• _Dataset extract_
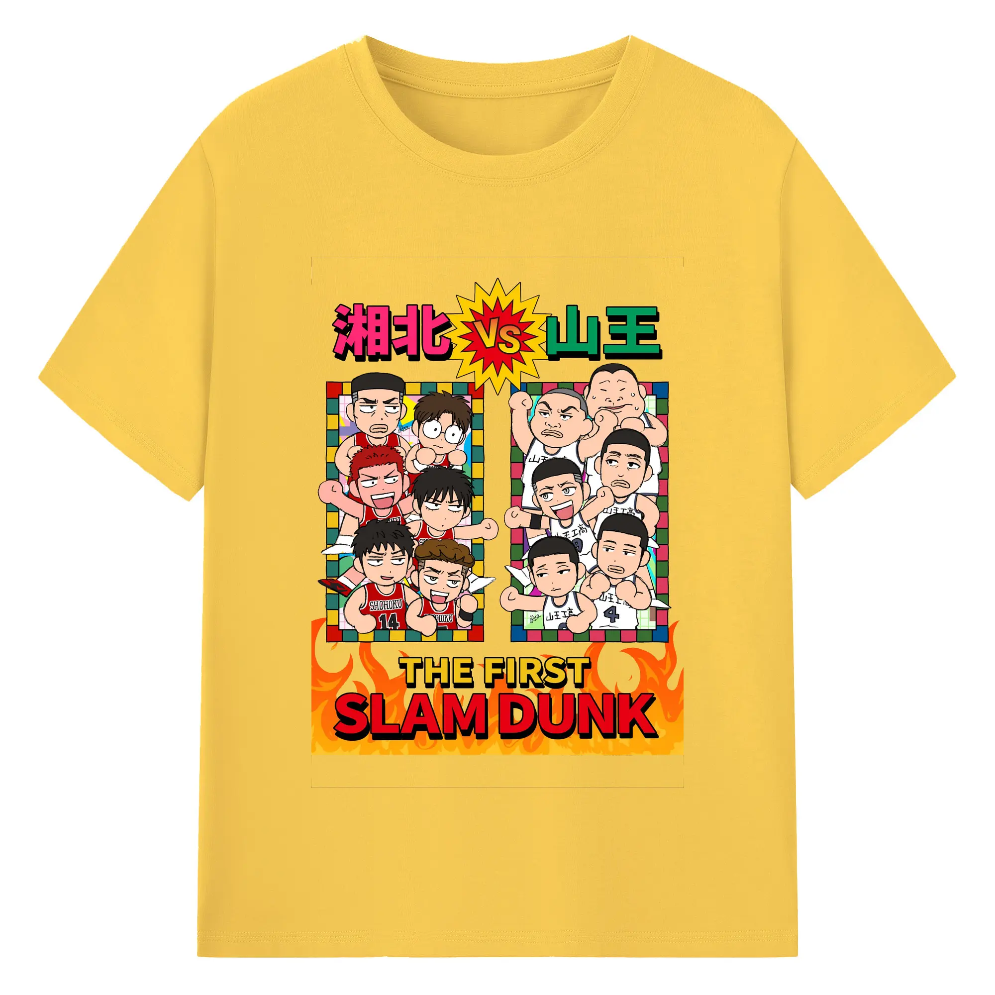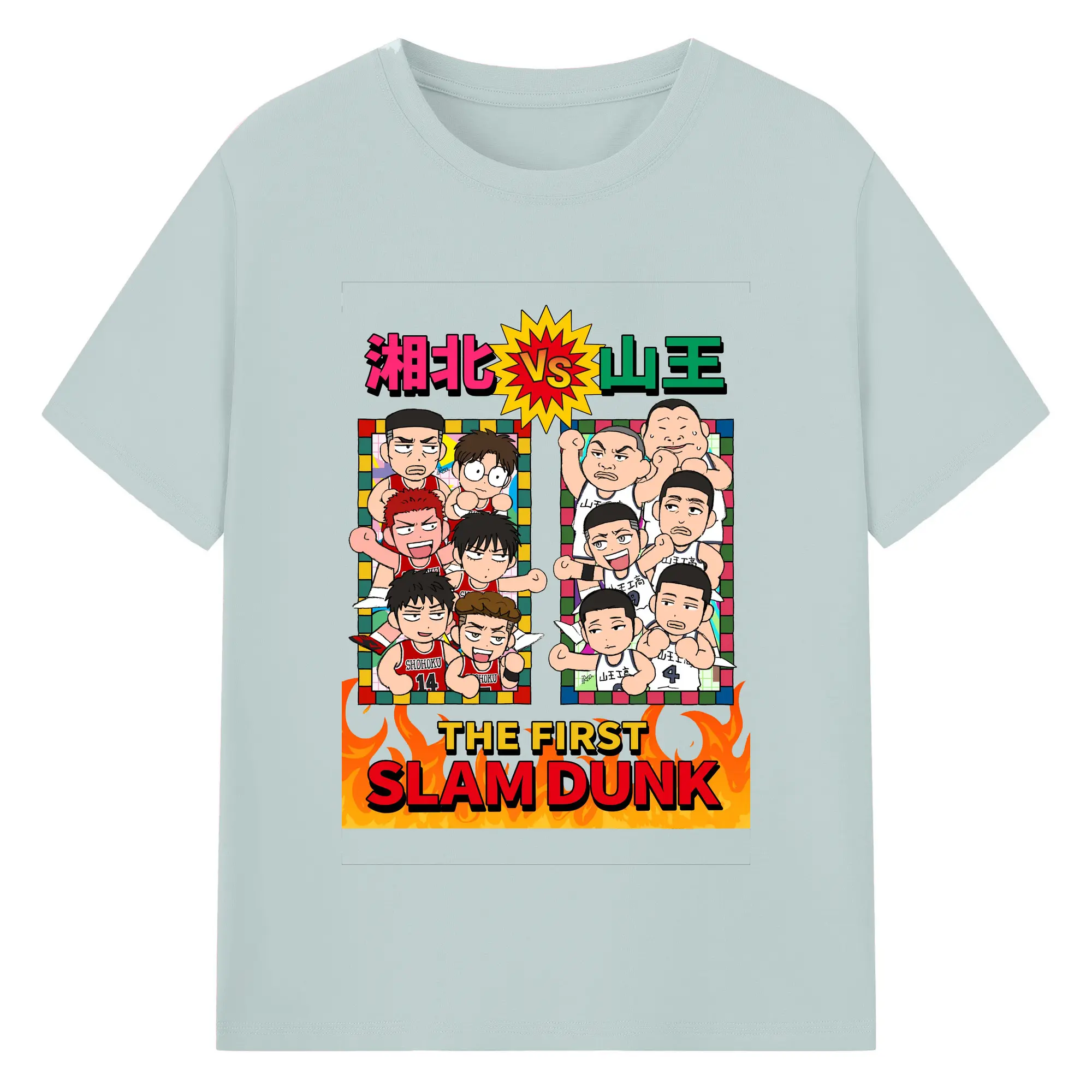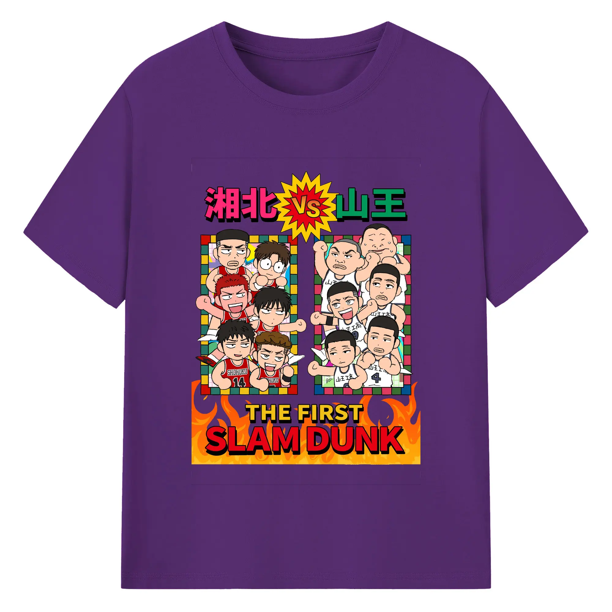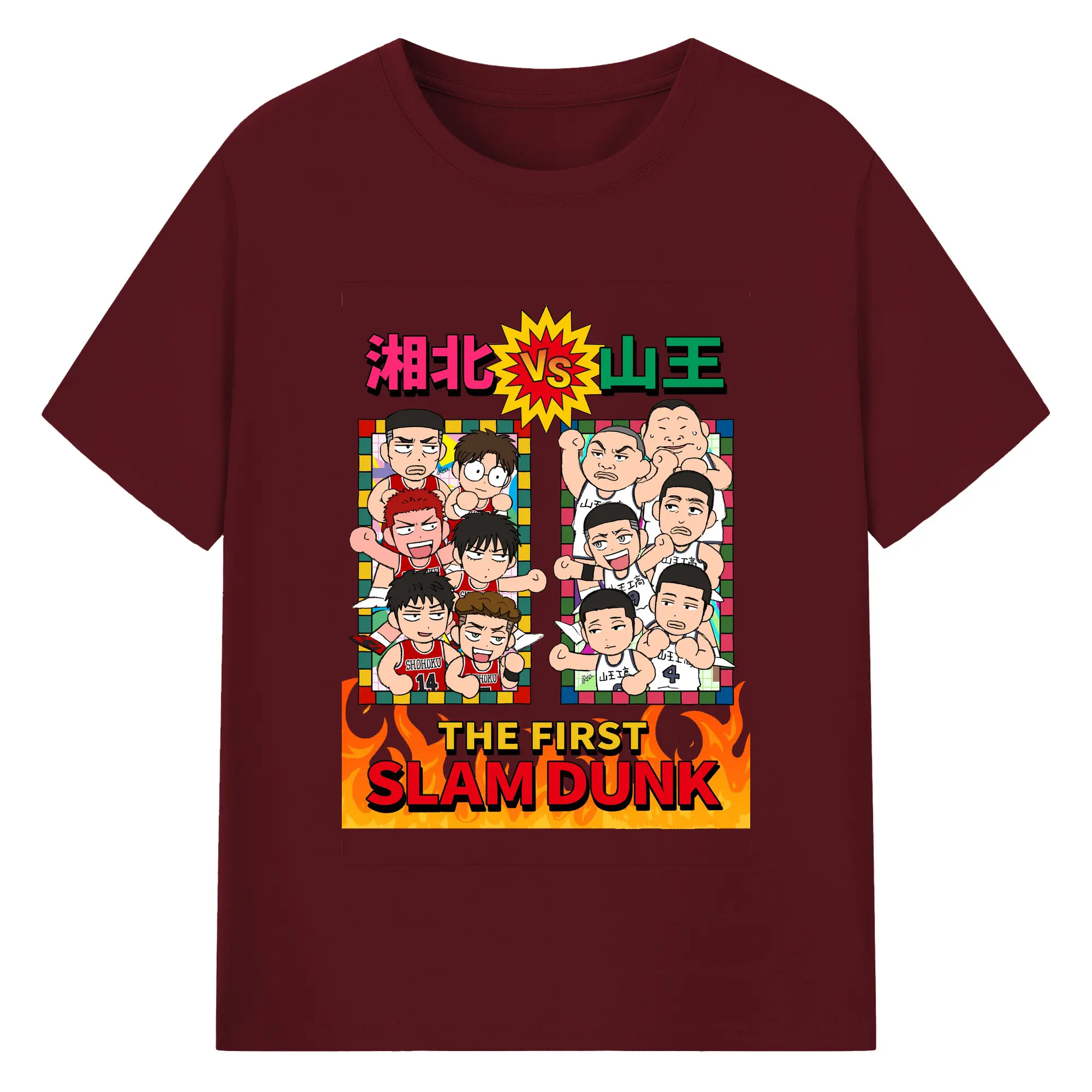 スラムダンク 全国大会湘北VS山王 デフォルメ - 綿100% 半袖Tシャツ ・ フロントプリント ・ 快適 通気性 ・ 日常使い 散歩 スポーツ用
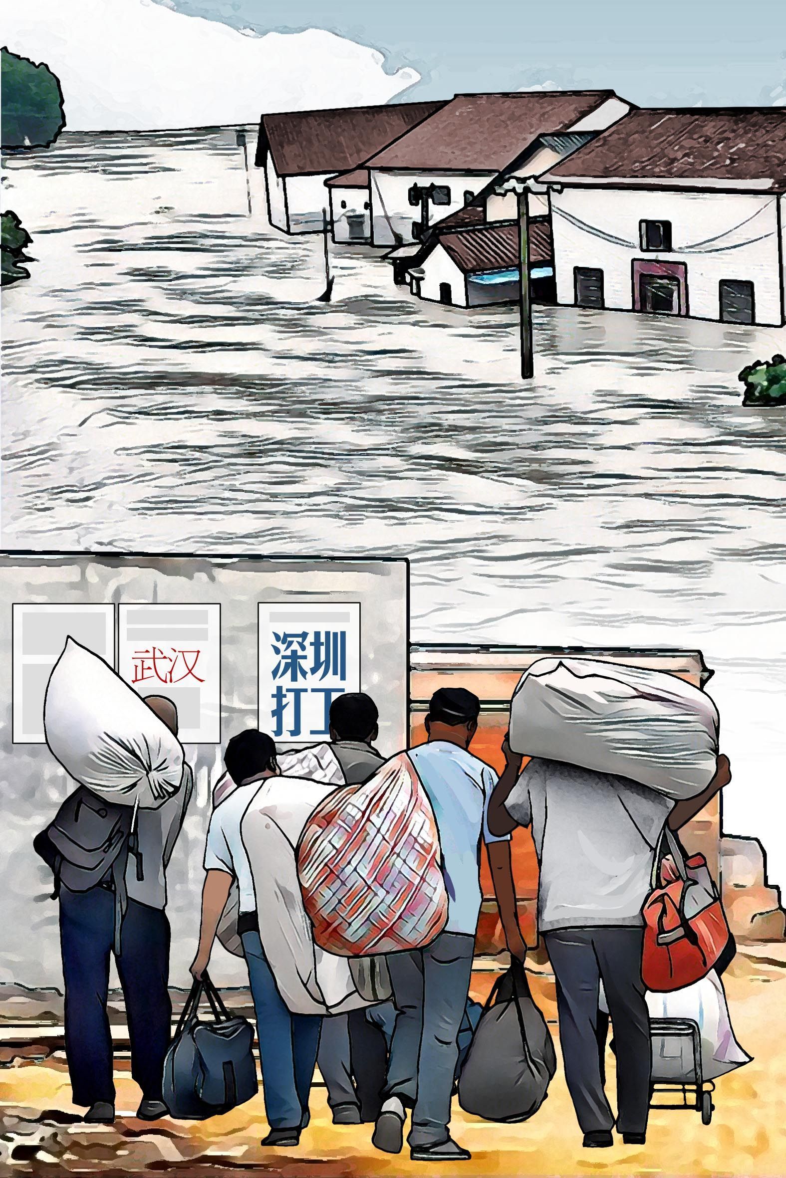 1996年至1998年,三年水患,許多村民顆粒無(wú)收、血本無(wú)歸。連年歉收后,鄉(xiāng)親們逐漸對(duì)種田失去信心。不少村民賣(mài)掉耕牛,閉門(mén)鎖戶,前往廣州、深圳、武漢等地打工。
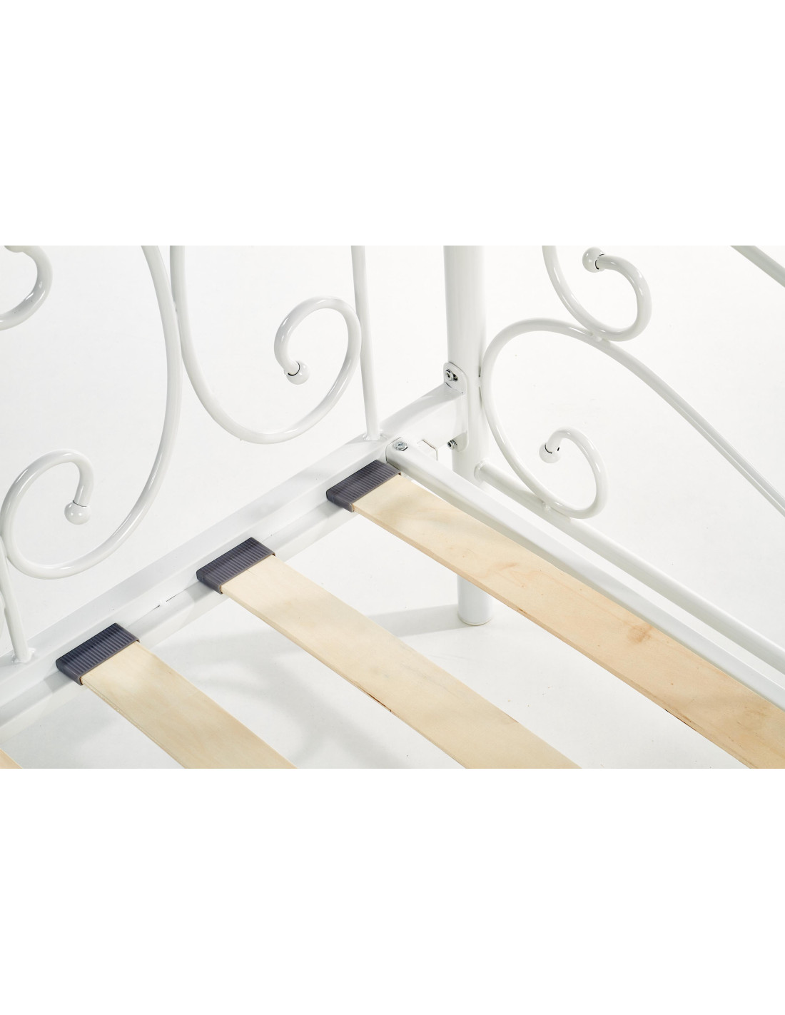 SUMATRA Łóżko Metalowe 90x200 cm z Drewnianym Stelażem Białe - Klasyczne

• _What to do_
Once the pictures are removed, copy the listing exactly.

• _Output of the exercise_
 スラムダンク 全国大会湘北VS山王 デフォルメ - 綿100% 半袖Tシャツ ・ フロントプリント ・ 快適 通気性 ・ 日常使い 散歩 スポーツ用
 1996年至1998年,三年水患,許多村民顆粒無(wú)收、血本無(wú)歸。連年歉收后,鄉(xiāng)親們逐漸對(duì)種田失去信心。不少村民賣(mài)掉耕牛,閉門(mén)鎖戶,前往廣州、深圳、武漢等地打工。
 SUMATRA Łóżko Metalowe 90x200 cm z Drewnianym Stelażem Białe - Klasyczne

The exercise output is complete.